The Exxon Valdez bleeding oil on March 23, 1989.
It is well known that oil and water don't mix. Less well known is the fact that when petroleum is spilt onto a water surface, a fraction of the oil immediately begins to evaporate into the air or dissolve into the seawater. These dissolved toxic hydrocarbons can threaten aquatic species, while evaporated compounds may pose a risk to rescue workers or populations downwind of an accident site. Publishing in the journal Environmental Science & Technology ("First Day of an Oil Spill on the Open Sea: Early Mass Transfers of Hydrocarbons to Air and Water"), a team of European and American researchers report on a unique study focused on the fate of hydrocarbons during the 24 hours that follow an oil spill.
Following a spill, oil suddenly finds itself in a radically new environment – exposed to light, air, and the water surface after millions of years underground. "In its new environment, the oil immediately begins to change its composition, and much of that change happens on the first day," explains Samuel Arey, a researcher at EPFL and Eawag in Switzerland and corresponding author of the study. Oil is a complex mixture of many hydrocarbon compounds. Certain volatile compounds evaporate within hours, contaminating the overlying atmosphere. Others, such as toxic naphthalene, simultaneously dissolve into the seawater, posing a threat to aquatic life.
Especially since the Exxon Valdez catastrophe in 1990, which released over 40,000 cubic meters of oil into the ocean, researchers have sought to evaluate to what extent marine species in the vicinity of an oil spill are exposed to toxic hydrocarbons. But this question has largely remained debated, because many of the hydrocarbons are dispersed into the water or the overlying air well before scientists arrive at the site.

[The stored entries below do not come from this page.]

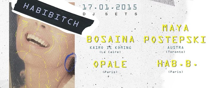 « Le collectif HAB.B. organise pour la première fois à Paris dans le cadre unique et sans chichi du Pipi Caca Poney Club sa soirée HABIBITCH dont l’artiste cairote Bosaina est l’invitée d’honneur. A ses cotés, Maya Postepski (Austra) ainsi que Sophia Hamadi et Rocío Ortiz (Opale). Au plaisir de vous y voir, il n’y a que la fête et la musique qui comptent au Pipi Caca ».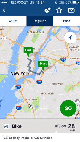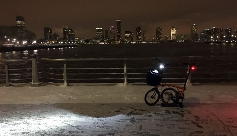 Meine Wohnung liegt in Williamsburg in Brooklyn. Meine erste Anschaffung zum Umzug nach New York war ein wunderschönes orange-schwarzes Faltrad von Brompton aus London. Bromptons sind teuer in der Anschaffung, mit über 12 kg keine Leichtgewichte und verwenden teils archaisch anmutende Komponenten. Aber die Zuverlässigkeit ist spitze, das Fahrgefühl angenehm spritzig und der Service fantastisch. Das Faltrad ist seither mein täglicher Begleiter in New York und ich bin sehr zufrieden damit.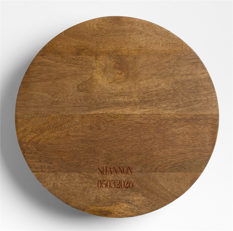 In stock and ready to ship Loading...Crate & BarrelSKU 633584Personalized Orchard Wooden 14" Round Footed Serve BoardSale $62.95 reg. $74.95includes $15 personalization feeShips free0 of 1 purchasedAdd to Cart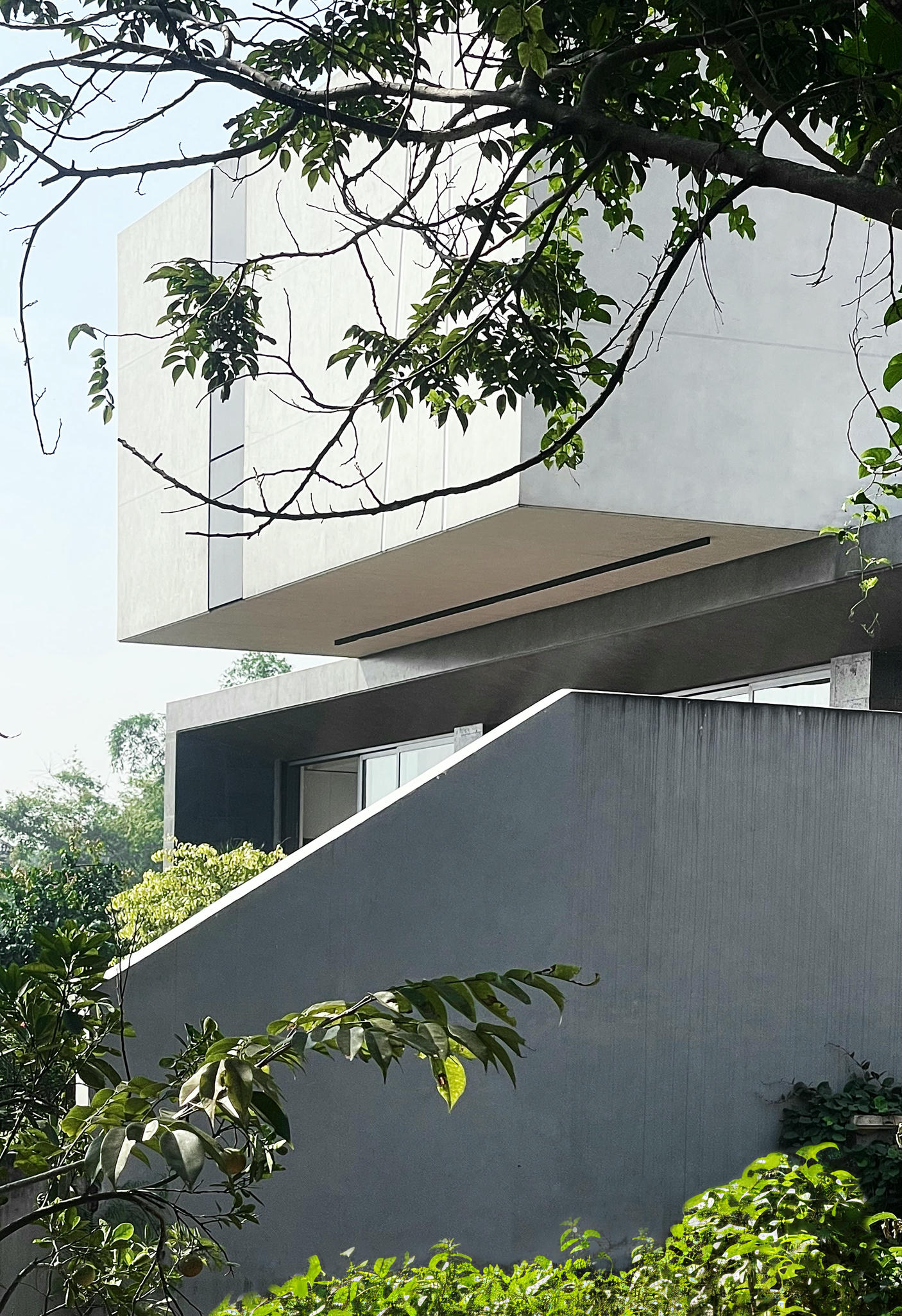 Ngay từ cấu trúc ban đầu, công trình chọn cách xuất hiện tối giản nhưng đầy bản lĩnh: Các khối hộp được xếp lớp chuẩn xác, tạo sự phân tầng mạnh mẽ giữa đặc và rỗng. Những mảng tường bê tông, hệ lam kim loại, và các mặt phẳng kính lớn trở thành bộ ba chủ đạo, tổ chức nên nhịp điệu kiến trúc rõ ràng và không thừa bất cứ đường nét nào.
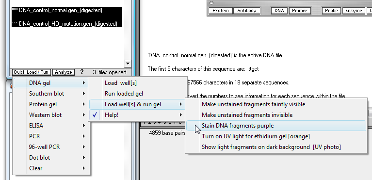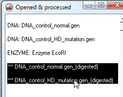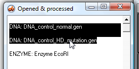 9. We will now determine the number of repeats in the mutated sequence, so click the 'DNA' button on the silver button bar and open 'DNA control HD mutation.gen'.

In order to collect data on the immediate aftermath of an oil spill, the researchers collaborated with emergency response specialists of the Dutch Rijkswaterstaat to recreate a four cubic meter oil spill in the North Sea, in a shipping zone already burdened by pollutants, 200 kilometers off the coast of the Netherlands. By studying this relatively small oil release, they were able to gain a better understanding of what goes on in much larger spills, with findings that could be useful to assess the risks to underwater life, as well as to emergency response team workers at the sea surface.
No two oil spills are alike. Aside from the sheer volume of oil released onto the sea surface, the environmental impact of an oil spill depends on external factors, such as the wind, waves, and the temperature of the air and the water. The North Sea experiment, for instance, was carried out on a summer day with two-meter high waves. Within just over a day, the surface oil slick had almost dissipated. On a cooler day with less wind and smaller waves, the slick would have likely persisted longer.

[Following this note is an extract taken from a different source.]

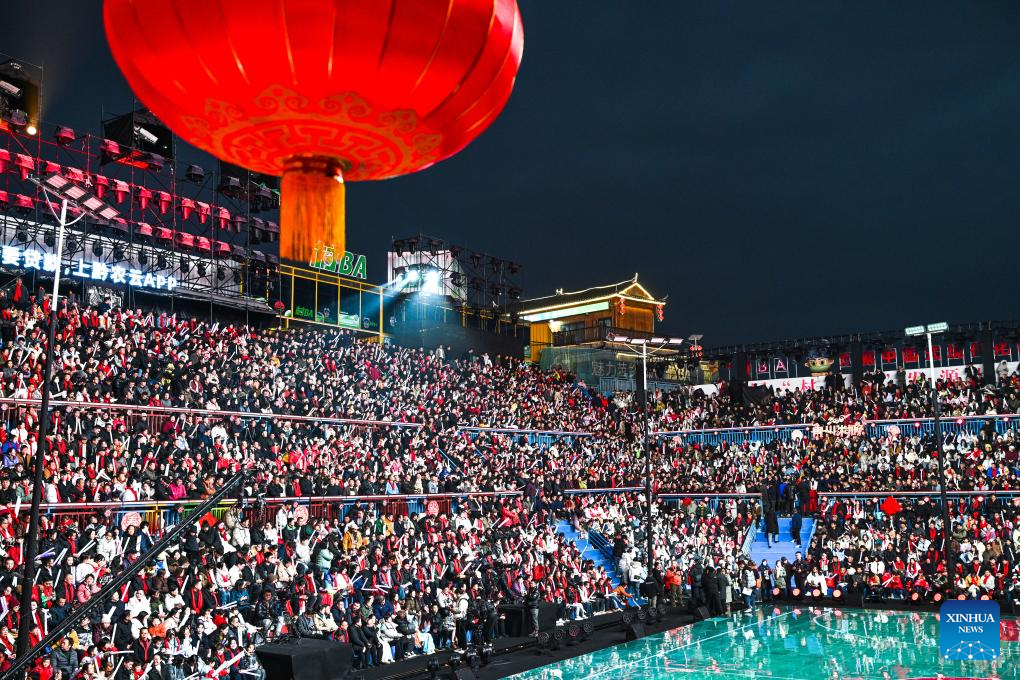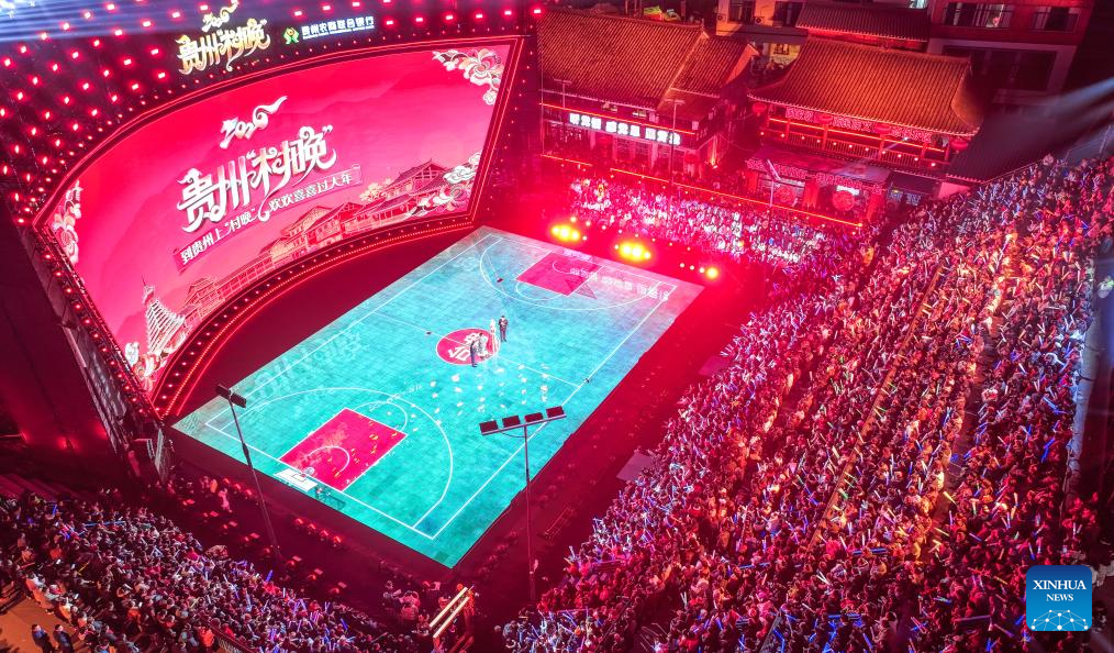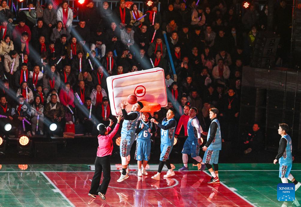 Villagers perform "Guma basketball game" (basketball game played by elder women) during a "village gala" in Taipan Village of Taijiang County, southwest China's Guizhou Province, Feb. 3, 2026.

Thanks to a computer model that was tested against the data collected in the North Sea, the researchers are now able to extrapolate their findings to larger spills and other environmental conditions. Results from the study will provide the researchers with tools to better assess the immediate impact of future disasters on humans and on the environment, as well as to plan the emergency response, even in settings that differ strongly from those encountered in the North Sea.